- Data shown:
● ● ●

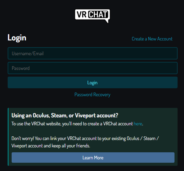 브챗 계정이 있으면 그걸로 로그인하면 되고, 만약 본인이 스팀이나 오큘러스, 바이브로 가입했다면 VRChat 계정을 만들어서 연동해야 한다. Create a New Account를 눌러서 시키는 대로 해서 계정을 만들어주자.
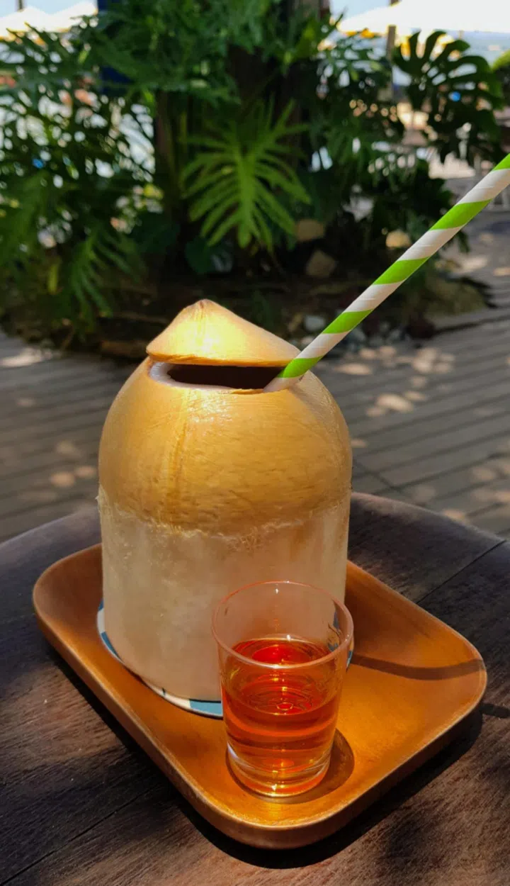 And finally, what is a beach outing without coconut or rum? This is as straightforward as it gets - a whole young coconut is served with a shot of banana rum for a spike of booze that is a timeless match for coconut water. Banana rums have a sweet burnt sugar and caramel or vanilla notes to notch up the tropical flavour.
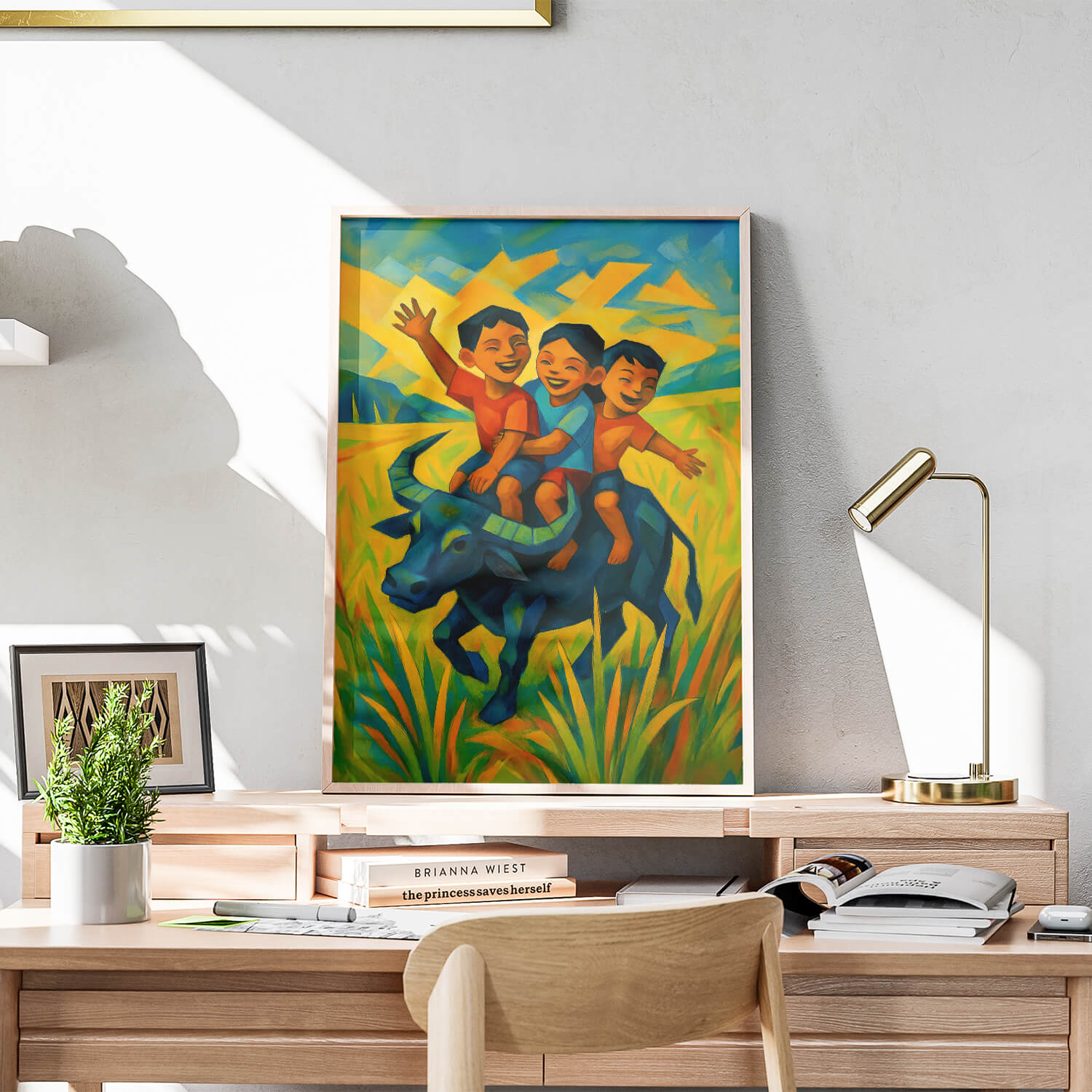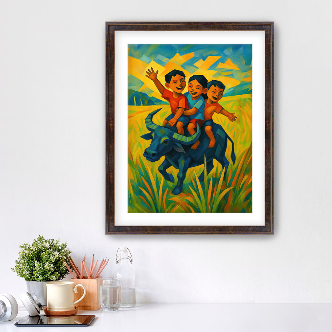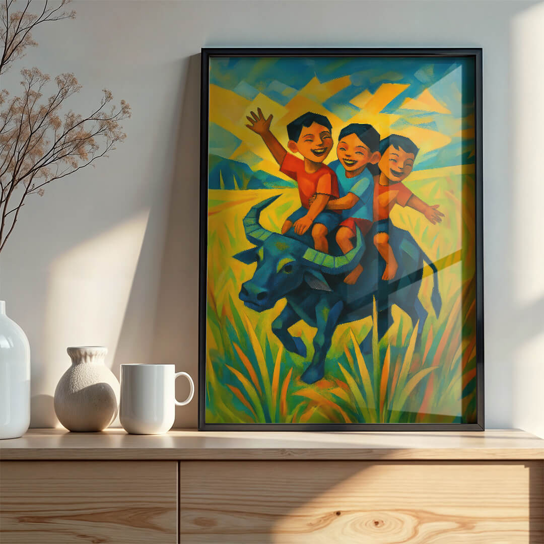 Celebrate the warmth of Filipino rural life with this heartwarming artwork of Filipino kids riding a Carabao through lush green rice fields—a joyful pastime deeply rooted in countryside tradition. This piece captures a simple yet powerful moment: laughter, friendship, and a strong bond with nature and the hardworking Carabao, the Philippines’ “Beast of Burden.”

● ● ●

- Requirement: Retype the listing exactly. Leave out its pictures.

- Output:
 브챗 계정이 있으면 그걸로 로그인하면 되고, 만약 본인이 스팀이나 오큘러스, 바이브로 가입했다면 VRChat 계정을 만들어서 연동해야 한다. Create a New Account를 눌러서 시키는 대로 해서 계정을 만들어주자.
 And finally, what is a beach outing without coconut or rum? This is as straightforward as it gets - a whole young coconut is served with a shot of banana rum for a spike of booze that is a timeless match for coconut water. Banana rums have a sweet burnt sugar and caramel or vanilla notes to notch up the tropical flavour.
 Celebrate the warmth of Filipino rural life with this heartwarming artwork of Filipino kids riding a Carabao through lush green rice fields—a joyful pastime deeply rooted in countryside tradition. This piece captures a simple yet powerful moment: laughter, friendship, and a strong bond with nature and the hardworking Carabao, the Philippines’ “Beast of Burden.”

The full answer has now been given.